In Q&A, Keilaf said non-automotive customers’ functional safety requirements are largely aligned with what Innoviz has already achieved in automotive, and he emphasized InnovizTwo’s resilience to weather and dirt as a differentiator. He also described increased lead generation in security and defense-related markets, including events that he said produced “tens of opportunities” and “a few tens of leads.”

2026 outlook: revenue growth and rising non-automotive contribution

For 2026, management guided to revenue of $67 million to $73 million, implying approximately 27% growth, driven by ongoing NRE payments and ramping LiDAR shipments. The company also expects up to 10% of revenue to come from non-automotive Physical AI applications, up from approximately 1% previously discussed by management.

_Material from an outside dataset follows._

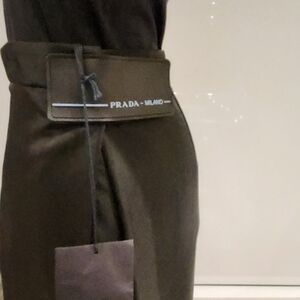 Prada skirt: black; sz 42 (Italian = size 6 in US); lightweight; velcrose closure (wrap around skirt); PRADA on a rubber disc.

Keilaf said Innoviz expects to sign new NRE payment plans of $20 million to $30 million in 2026 in addition to existing plans. He added that the company’s NRE payment plans stood at approximately $111 million versus $80 million at the start of 2025; Innoviz recognized about $45 million of NRE revenue in 2025 and has $66 million remaining, which it expects to recognize “almost all” during 2026 and 2027.

On manufacturing, Keilaf said Innoviz has continued to ramp capacity at Fabrinet and expects 2026 production to be three to four times higher than last year to meet demand from automotive and non-automotive customers.

Management repeatedly tied its strategy to what it called the rise of “Physical AI,” arguing that LiDAR provides accurate, reliable data for real-world perception and “ground truth,” while also meeting privacy requirements. The company said it published the first part of a white paper on the topic, plans to release part two, and will host a webinar in March with Q&A.

About Innoviz Technologies NASDAQ: INVZ

Innoviz Technologies Ltd. NASDAQ: INVZ is a developer of high-performance solid-state LiDAR sensors and perception software designed to support advanced driver assistance systems (ADAS) and autonomous driving applications. The company’s core business focuses on providing automotive-grade LiDAR hardware, along with software algorithms that enable accurate 3D mapping, object detection and environmental perception in real time. Innoviz’s technology is tailored for integration into passenger vehicles, commercial fleets and other mobility platforms seeking improved safety and autonomy.

Founded in 2016 and headquartered in Rosh Ha’ayin, Israel, Innoviz has emerged as a key supplier to leading global automakers and Tier 1 suppliers.